→ **WHAT YOU NEED TO DO**
Could you give back exactly the lines below from the one with "Pour la remercier" through the one with "上記休業期間中は、宅配・出張", without a single picture?

→ **MATERIAL FOR THE TASK**
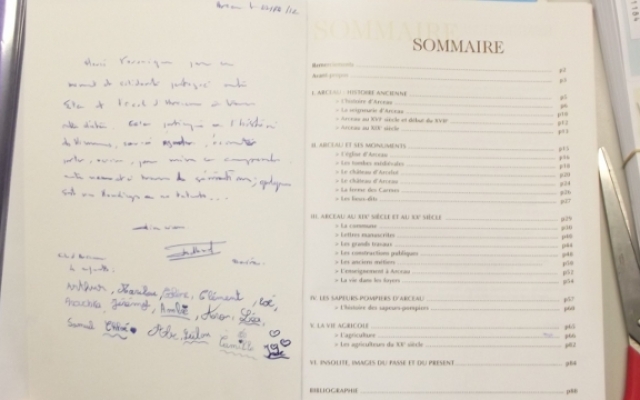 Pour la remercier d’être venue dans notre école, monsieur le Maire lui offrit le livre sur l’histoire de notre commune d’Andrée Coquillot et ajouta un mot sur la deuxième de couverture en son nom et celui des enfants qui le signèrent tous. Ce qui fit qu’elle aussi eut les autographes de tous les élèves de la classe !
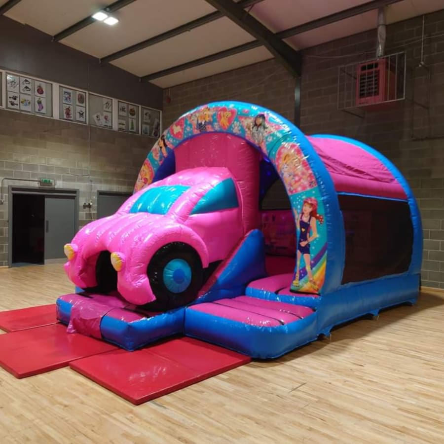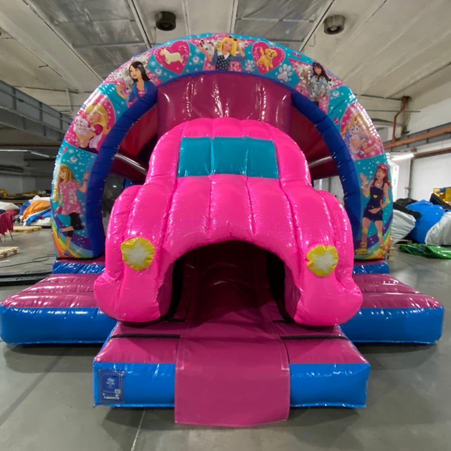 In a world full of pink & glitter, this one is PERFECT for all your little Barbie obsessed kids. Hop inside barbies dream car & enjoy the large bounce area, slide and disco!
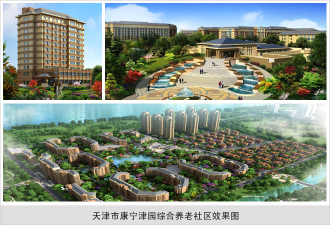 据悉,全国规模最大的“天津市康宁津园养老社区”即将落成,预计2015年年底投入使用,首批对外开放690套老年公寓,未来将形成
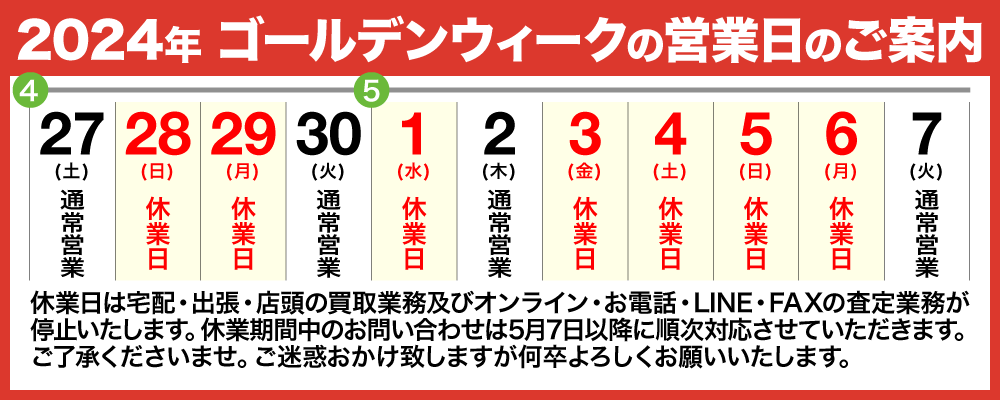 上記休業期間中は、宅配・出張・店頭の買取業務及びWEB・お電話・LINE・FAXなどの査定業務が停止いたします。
--
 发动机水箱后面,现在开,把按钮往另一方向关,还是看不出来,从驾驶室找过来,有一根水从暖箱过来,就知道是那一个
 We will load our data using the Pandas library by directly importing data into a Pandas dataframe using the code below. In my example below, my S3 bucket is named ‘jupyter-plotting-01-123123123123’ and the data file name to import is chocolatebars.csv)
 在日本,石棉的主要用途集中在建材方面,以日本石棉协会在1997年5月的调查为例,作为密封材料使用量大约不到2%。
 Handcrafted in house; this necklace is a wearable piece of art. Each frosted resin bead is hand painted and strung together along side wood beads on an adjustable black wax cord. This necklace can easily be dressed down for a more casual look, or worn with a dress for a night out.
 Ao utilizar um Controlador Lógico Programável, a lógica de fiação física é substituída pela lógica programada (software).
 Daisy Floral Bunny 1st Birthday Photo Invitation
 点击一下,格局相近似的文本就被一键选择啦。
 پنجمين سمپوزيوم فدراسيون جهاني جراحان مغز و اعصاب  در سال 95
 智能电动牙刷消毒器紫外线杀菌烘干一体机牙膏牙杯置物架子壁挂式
* * *
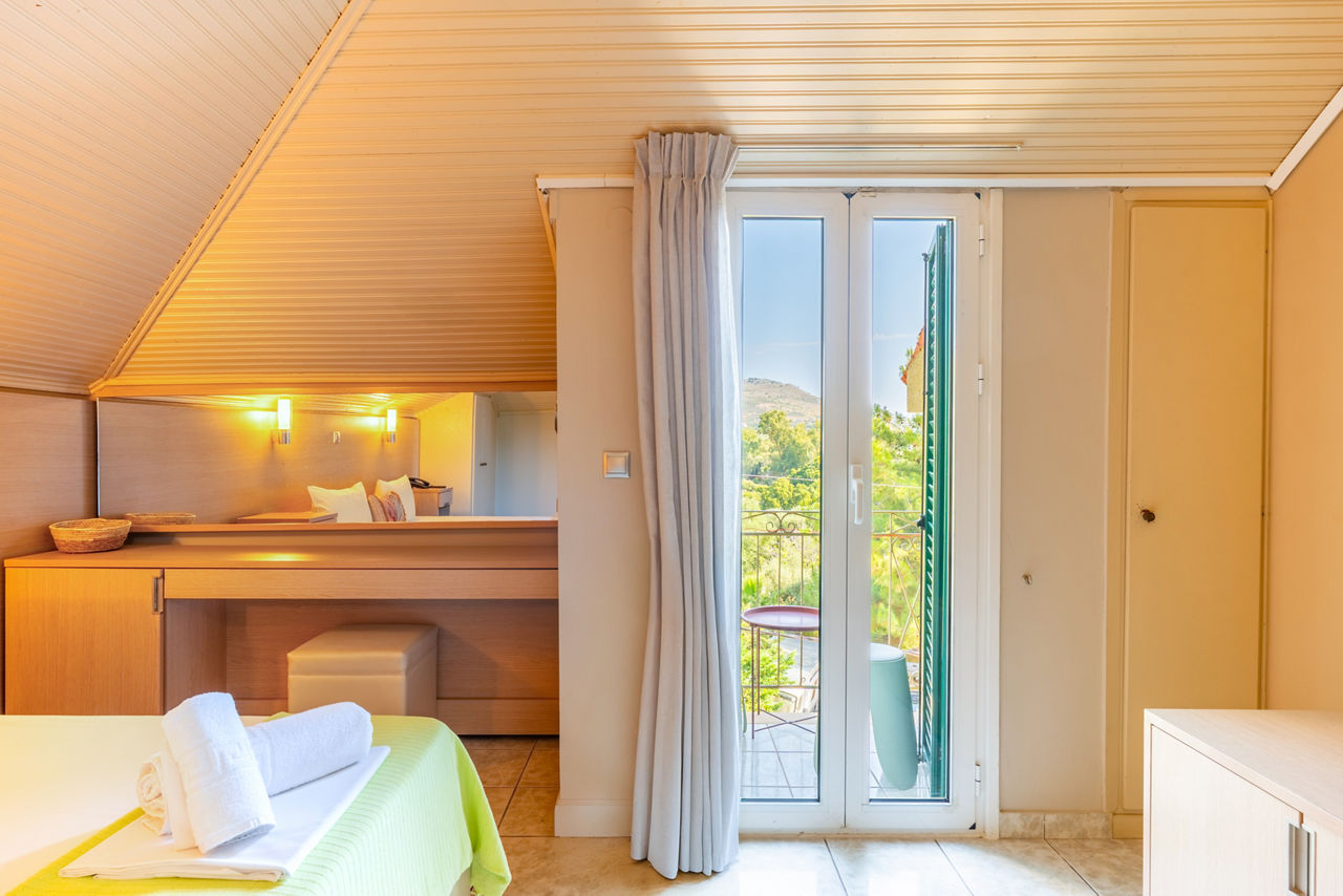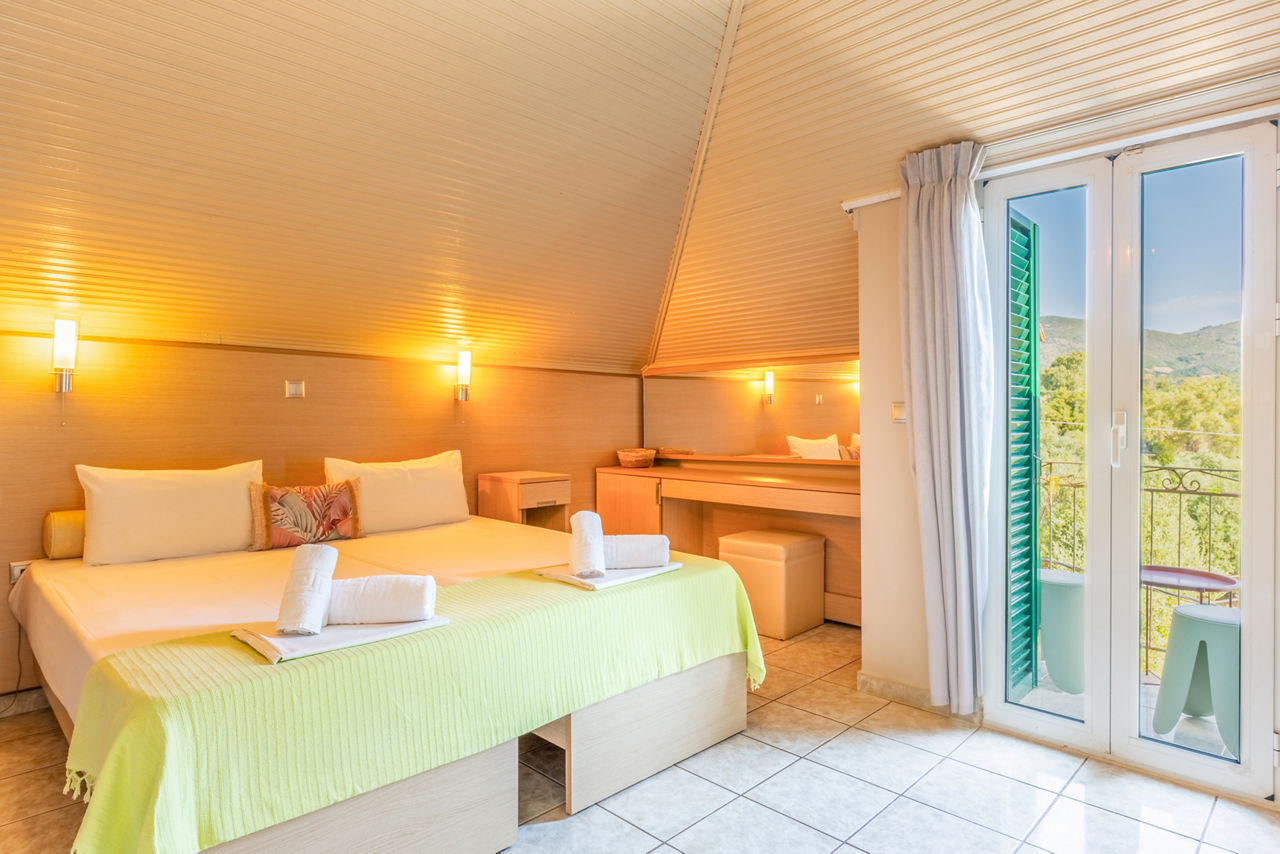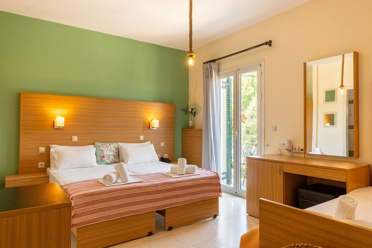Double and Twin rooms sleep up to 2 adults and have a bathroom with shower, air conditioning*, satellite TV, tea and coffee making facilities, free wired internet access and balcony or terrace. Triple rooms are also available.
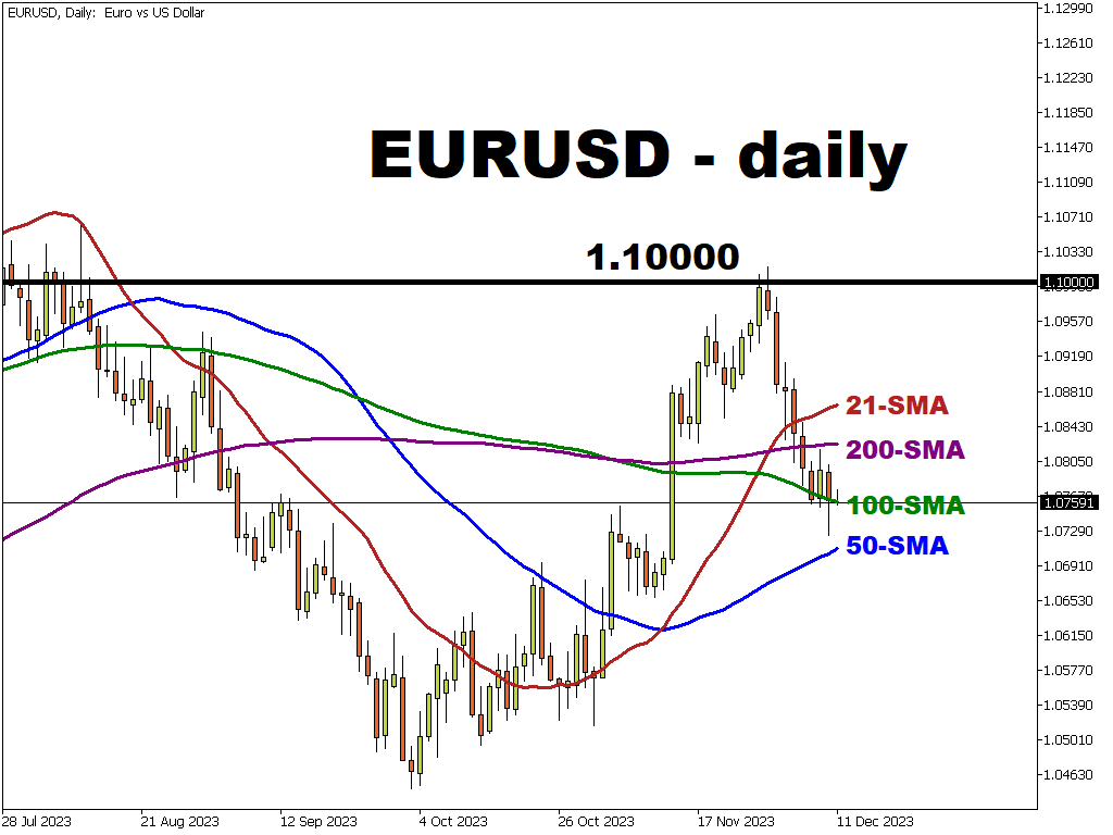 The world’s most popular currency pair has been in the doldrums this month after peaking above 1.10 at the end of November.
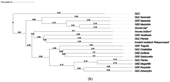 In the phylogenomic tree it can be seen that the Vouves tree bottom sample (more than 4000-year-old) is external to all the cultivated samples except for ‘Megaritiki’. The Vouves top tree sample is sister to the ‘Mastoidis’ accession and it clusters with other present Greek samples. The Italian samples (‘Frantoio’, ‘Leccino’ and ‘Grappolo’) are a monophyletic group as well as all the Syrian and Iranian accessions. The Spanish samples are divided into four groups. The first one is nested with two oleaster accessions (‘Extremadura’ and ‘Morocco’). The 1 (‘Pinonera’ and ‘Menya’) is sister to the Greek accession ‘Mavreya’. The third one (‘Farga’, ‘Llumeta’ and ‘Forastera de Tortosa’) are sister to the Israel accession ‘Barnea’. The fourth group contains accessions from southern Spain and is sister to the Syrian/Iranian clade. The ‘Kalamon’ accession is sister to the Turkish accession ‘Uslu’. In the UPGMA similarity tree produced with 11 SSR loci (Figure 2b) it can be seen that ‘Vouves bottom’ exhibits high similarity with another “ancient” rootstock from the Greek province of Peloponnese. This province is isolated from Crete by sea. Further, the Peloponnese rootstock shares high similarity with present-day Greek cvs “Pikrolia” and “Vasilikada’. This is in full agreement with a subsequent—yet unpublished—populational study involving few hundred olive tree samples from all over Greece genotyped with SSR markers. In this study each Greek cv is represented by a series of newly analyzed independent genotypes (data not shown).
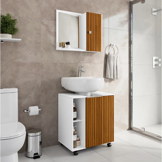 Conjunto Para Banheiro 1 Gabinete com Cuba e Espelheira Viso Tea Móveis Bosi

→ **OUTPUT FOR THIS TASK**
 Pour la remercier d’être venue dans notre école, monsieur le Maire lui offrit le livre sur l’histoire de notre commune d’Andrée Coquillot et ajouta un mot sur la deuxième de couverture en son nom et celui des enfants qui le signèrent tous. Ce qui fit qu’elle aussi eut les autographes de tous les élèves de la classe !
 In a world full of pink & glitter, this one is PERFECT for all your little Barbie obsessed kids. Hop inside barbies dream car & enjoy the large bounce area, slide and disco!
 据悉,全国规模最大的“天津市康宁津园养老社区”即将落成,预计2015年年底投入使用,首批对外开放690套老年公寓,未来将形成
 上記休業期間中は、宅配・出張・店頭の買取業務及びWEB・お電話・LINE・FAXなどの査定業務が停止いたします。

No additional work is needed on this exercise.